In terms of equipment in that space, we use the very best of live events technology: a curved video wall, broadcast camera gear, a mixture of intelligent LED and tungsten lighting, vision mixers, media servers, vision control, gigabit internet connections - a lot of high-end tech from live events was put into this space. We’ve also incorporated extensive catering and hospitality services so that when people come they have a really positive all-round experience. We’re trying to replicate the experience of a 5-star hotel or a first-class flight when you come to the Virtual Venue.
How do you track the kit that you’re using at the Virtual Venue and how do you know what’s available for each client?
Stock control is critical for us as our business is very asset focussed. We need to know where things are, how long they’re there for, how the assets are performing individually. It’s vital data for us to run our company properly. So, that applies to the Virtual Venue. Within Current, we’ve made a job called ‘The Virtual Venue’ which is an open-ended rental, meaning it has no end date. All the equipment down to the last cable, LED screen and camera lens is listed in the Virtual Venue job and that job is indefinite, so when we’re speccing other jobs, we can see if there’s a shortage and see whether that kit is in the Virtual Venue or not.
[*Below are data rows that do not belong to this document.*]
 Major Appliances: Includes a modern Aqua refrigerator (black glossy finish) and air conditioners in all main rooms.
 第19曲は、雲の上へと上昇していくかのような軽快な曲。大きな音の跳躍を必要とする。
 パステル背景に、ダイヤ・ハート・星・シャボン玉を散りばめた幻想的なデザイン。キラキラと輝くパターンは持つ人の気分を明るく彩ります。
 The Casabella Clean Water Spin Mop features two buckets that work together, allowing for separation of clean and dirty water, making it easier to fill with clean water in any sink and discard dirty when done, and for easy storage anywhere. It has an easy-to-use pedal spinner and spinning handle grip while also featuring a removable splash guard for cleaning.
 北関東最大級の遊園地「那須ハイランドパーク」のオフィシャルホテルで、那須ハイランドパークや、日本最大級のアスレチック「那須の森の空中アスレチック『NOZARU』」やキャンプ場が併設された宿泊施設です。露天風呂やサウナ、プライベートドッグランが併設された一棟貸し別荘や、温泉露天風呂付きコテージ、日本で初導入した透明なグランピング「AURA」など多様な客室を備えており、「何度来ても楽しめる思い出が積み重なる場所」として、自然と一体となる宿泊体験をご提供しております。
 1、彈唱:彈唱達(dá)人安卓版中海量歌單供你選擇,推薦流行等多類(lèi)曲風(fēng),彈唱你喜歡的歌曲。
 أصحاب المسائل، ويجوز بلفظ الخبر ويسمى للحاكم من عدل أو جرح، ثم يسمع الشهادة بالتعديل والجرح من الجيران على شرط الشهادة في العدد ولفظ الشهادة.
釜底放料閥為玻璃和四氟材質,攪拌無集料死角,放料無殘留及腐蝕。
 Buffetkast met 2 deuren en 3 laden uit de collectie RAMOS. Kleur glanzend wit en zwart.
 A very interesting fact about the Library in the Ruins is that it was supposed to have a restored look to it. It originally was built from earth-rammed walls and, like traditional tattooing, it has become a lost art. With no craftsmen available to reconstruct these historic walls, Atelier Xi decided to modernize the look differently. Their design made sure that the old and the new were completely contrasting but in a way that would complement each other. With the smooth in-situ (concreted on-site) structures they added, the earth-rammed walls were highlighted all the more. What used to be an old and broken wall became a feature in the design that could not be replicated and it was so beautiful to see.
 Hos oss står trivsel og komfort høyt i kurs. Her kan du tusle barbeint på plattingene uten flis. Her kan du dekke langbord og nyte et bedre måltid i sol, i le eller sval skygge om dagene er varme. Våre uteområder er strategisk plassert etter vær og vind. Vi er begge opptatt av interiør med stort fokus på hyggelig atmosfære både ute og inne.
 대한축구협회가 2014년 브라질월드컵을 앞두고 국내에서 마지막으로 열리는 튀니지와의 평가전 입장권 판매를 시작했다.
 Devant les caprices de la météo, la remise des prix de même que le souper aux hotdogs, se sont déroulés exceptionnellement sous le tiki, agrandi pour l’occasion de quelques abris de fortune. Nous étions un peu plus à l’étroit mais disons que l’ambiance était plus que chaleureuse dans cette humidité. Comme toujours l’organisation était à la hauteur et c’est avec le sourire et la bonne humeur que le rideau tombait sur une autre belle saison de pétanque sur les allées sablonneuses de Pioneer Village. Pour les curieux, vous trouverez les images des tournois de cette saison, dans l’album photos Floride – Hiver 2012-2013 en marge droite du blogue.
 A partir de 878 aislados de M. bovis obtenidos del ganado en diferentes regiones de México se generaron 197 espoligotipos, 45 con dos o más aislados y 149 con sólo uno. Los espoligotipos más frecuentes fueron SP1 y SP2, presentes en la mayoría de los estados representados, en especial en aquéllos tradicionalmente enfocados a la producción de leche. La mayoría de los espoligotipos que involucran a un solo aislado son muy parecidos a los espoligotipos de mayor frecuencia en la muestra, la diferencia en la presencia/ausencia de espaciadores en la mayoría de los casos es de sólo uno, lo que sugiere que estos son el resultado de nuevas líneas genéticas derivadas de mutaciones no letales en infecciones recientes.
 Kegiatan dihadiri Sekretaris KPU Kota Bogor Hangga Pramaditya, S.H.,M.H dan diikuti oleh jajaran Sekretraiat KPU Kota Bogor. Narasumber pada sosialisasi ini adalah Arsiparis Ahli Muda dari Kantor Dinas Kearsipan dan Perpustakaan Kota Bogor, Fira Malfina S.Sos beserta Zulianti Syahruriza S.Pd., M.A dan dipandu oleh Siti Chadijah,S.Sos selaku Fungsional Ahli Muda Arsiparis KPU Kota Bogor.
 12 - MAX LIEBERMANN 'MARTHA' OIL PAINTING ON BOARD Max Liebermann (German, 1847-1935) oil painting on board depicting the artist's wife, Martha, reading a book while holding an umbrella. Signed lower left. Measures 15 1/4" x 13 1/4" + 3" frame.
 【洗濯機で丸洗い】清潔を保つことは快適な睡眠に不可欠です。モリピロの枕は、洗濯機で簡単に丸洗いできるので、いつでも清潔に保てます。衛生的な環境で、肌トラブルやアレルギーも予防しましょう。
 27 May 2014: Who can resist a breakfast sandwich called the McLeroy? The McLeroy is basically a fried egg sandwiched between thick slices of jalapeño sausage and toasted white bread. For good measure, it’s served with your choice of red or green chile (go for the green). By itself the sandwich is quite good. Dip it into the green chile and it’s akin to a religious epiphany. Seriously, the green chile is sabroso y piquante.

There will hopefully be times in 2021 when we’re doing live events again and we need some of that equipment. In those cases, we’ll remove those items from the Virtual Venue opportunity and allocate them to the live opportunity and then back again to make sure we’re accurately stock controlling where everything is.
I know that a big passion of yours is to bring forward even more eco-friendly methods of working into the entertainment industry. How does the Virtual Venue reflect that?
When you look at the amazing work by people like Chris Thompson from Shambala Festival, he identified that most of the carbon emissions at live events are not from us but from the people coming to the events. Travel is one of the worst offenders from an environmental POV. The Virtual Venue allows us to make it so that audience members don’t need to travel - they can stay at home or in the office. Not only that, but it means we can expand our audience infinitely to many more people who aren’t able to travel and wouldn’t normally be able to attend these events. Not only are we producing fewer carbon emissions, but we’ve also got an infinitely larger audience.
In addition to that, we’re not transporting our equipment as it stays in situ, so again, fewer carbon emissions. Also, the space we’re working in is very environmentally friendly and low energy. We’ve insulated the roof of the Virtual Venue to a very high standard. We’re using air source heat pumps and most of the energy at Pytch HQ is from our 50 kW solar PV array. Lighting wise, we aim to use as much LED as we can, however, we are admittedly using tungsten lighting at the moment as well.
As we see more and more businesses moving their events online in 2020, the virtual world is becoming ever more prominent.
A huge thanks to Johnny for sharing his journey in creating the Virtual Venue and giving us all a deeper insight into his forecast for the world of live events.